● WHAT YOU WILL DO:
Write out the material below again, line for line, without any images.

● SUPPLIED DATA:
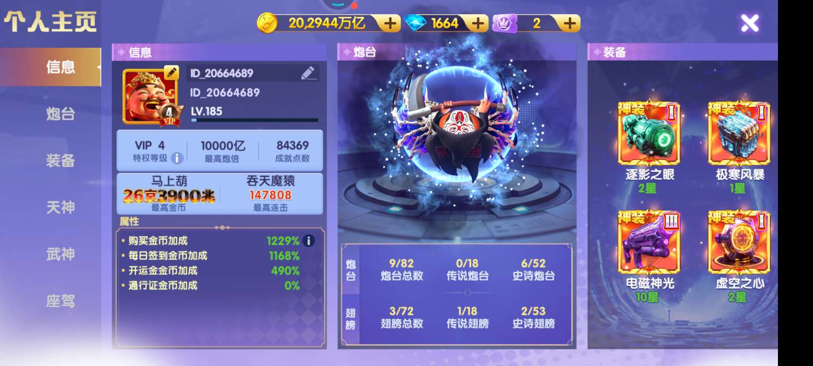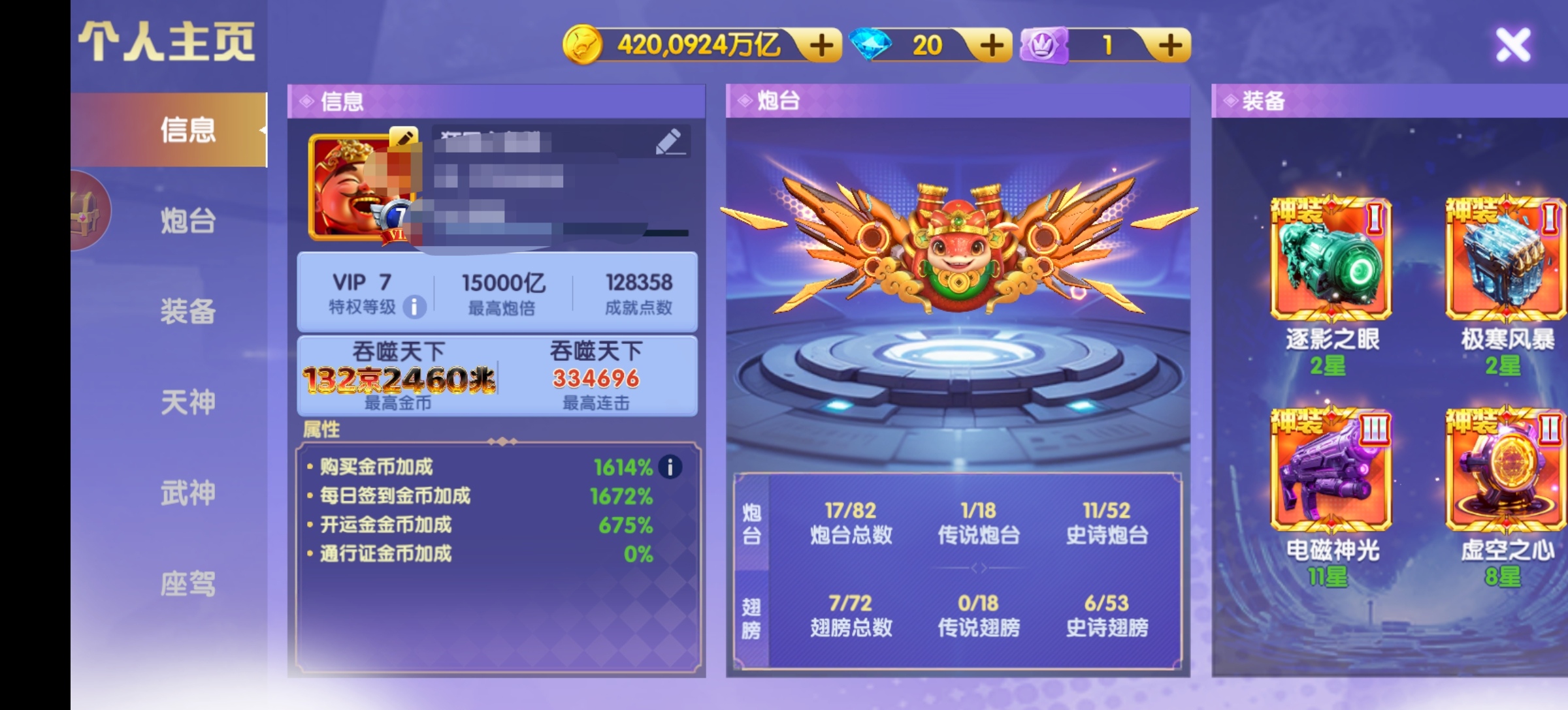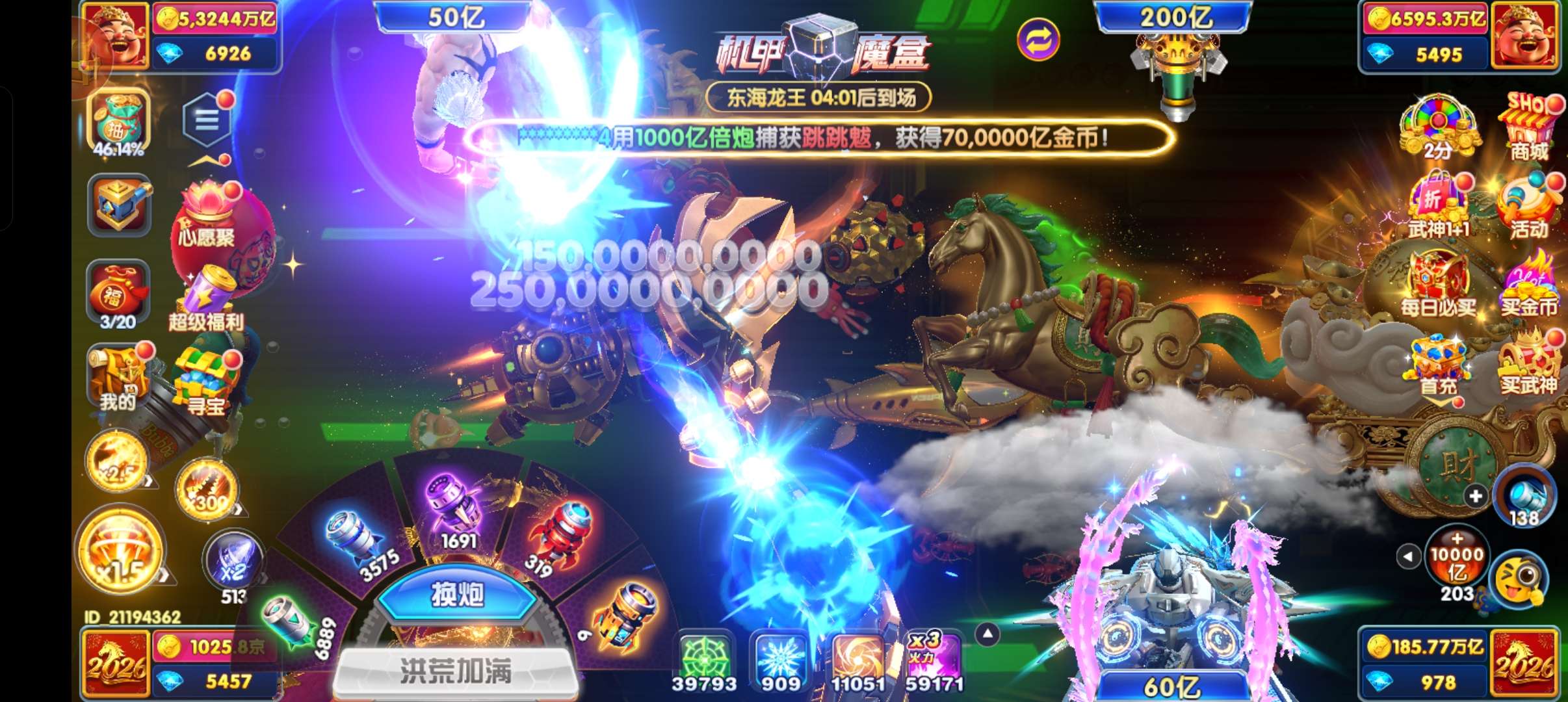 鱼乐达人小米20京四神装万炮,三洪荒一千二百斩,天王差个水晶五星,
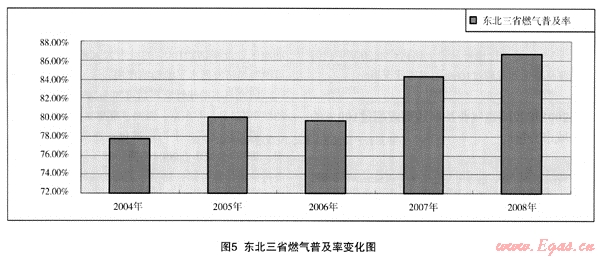 (2) 區(qū)域的燃氣普及率并不能完全代表各省、市、自治區(qū)的燃氣普及率水平。從2008年的情況看,東部地區(qū)的海南省只有73%,而中部地區(qū)的江西省燃氣普及率在90%以上,西部地區(qū)的重慶市也在90%以上。因此,作為規(guī)劃設(shè)計的重要計算數(shù)據(jù)使用時,還應(yīng)該進行具體分析,但東部地區(qū)普及率應(yīng)該在全國的平均數(shù)以上。
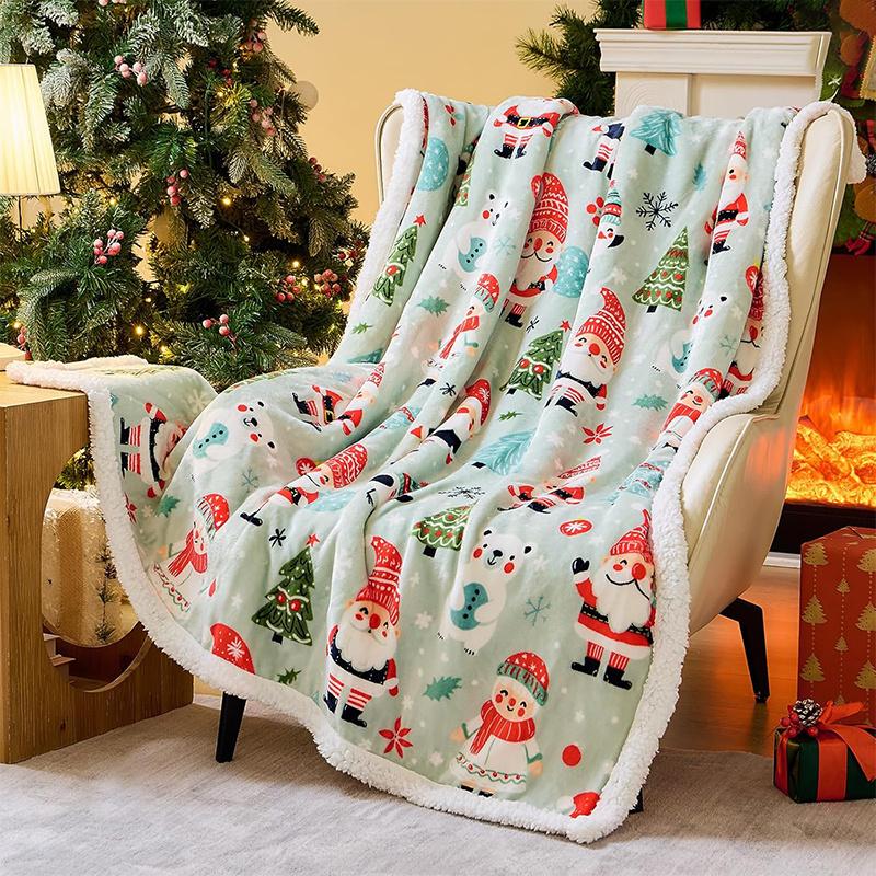 Christmas Throw Blanket Christmas Decorations Gifts For Women Sherpa Flannel Fleece Winter Holiday Blanket For Couch Sofa Bed
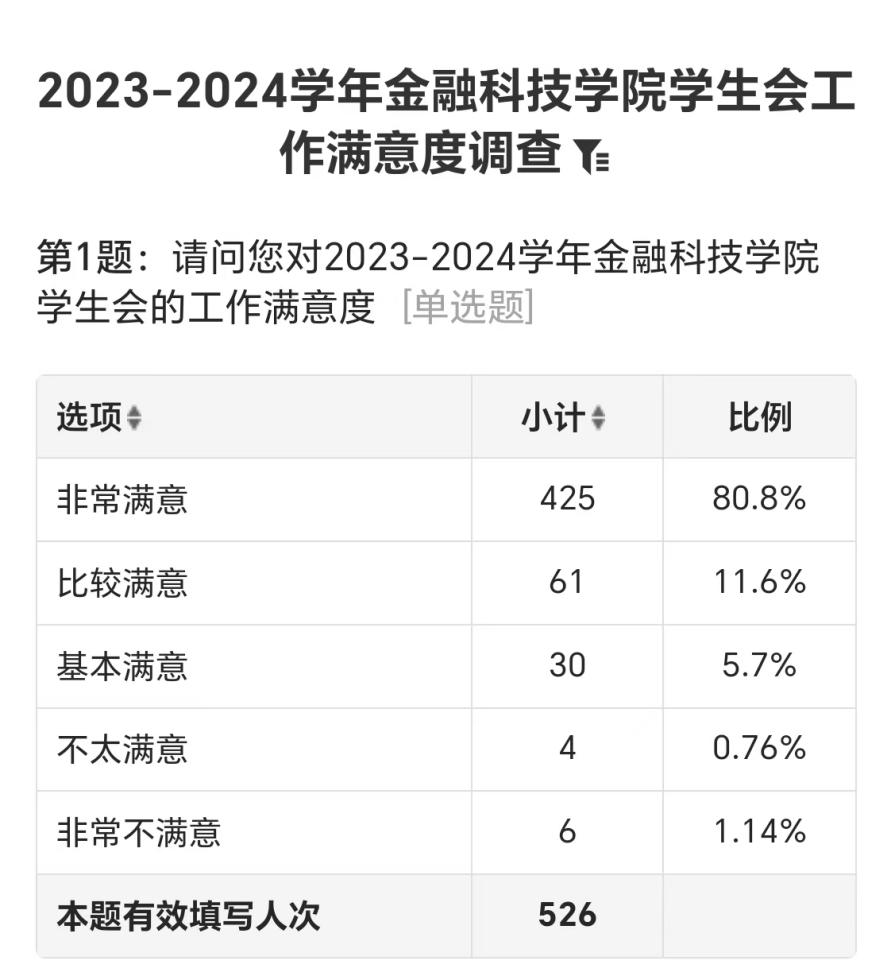 在本次调查中,金融科技学院2023-2024全体965名在读学生共提供526份有效问卷,参与率达54.51%。参与问卷的学生中对学生会满意度分为五个等级,分别为:非常满意、比较满意、基本满意、不太满意和非常不满意。现对调查结果予以公示,公示期为3天,满意度调查详细数据如下:

● RESULT OF THIS EXERCISE:
 鱼乐达人小米20京四神装万炮,三洪荒一千二百斩,天王差个水晶五星,
 (2) 區(qū)域的燃氣普及率并不能完全代表各省、市、自治區(qū)的燃氣普及率水平。從2008年的情況看,東部地區(qū)的海南省只有73%,而中部地區(qū)的江西省燃氣普及率在90%以上,西部地區(qū)的重慶市也在90%以上。因此,作為規(guī)劃設(shè)計的重要計算數(shù)據(jù)使用時,還應(yīng)該進行具體分析,但東部地區(qū)普及率應(yīng)該在全國的平均數(shù)以上。
 Christmas Throw Blanket Christmas Decorations Gifts For Women Sherpa Flannel Fleece Winter Holiday Blanket For Couch Sofa Bed
 在本次调查中,金融科技学院2023-2024全体965名在读学生共提供526份有效问卷,参与率达54.51%。参与问卷的学生中对学生会满意度分为五个等级,分别为:非常满意、比较满意、基本满意、不太满意和非常不满意。现对调查结果予以公示,公示期为3天,满意度调查详细数据如下:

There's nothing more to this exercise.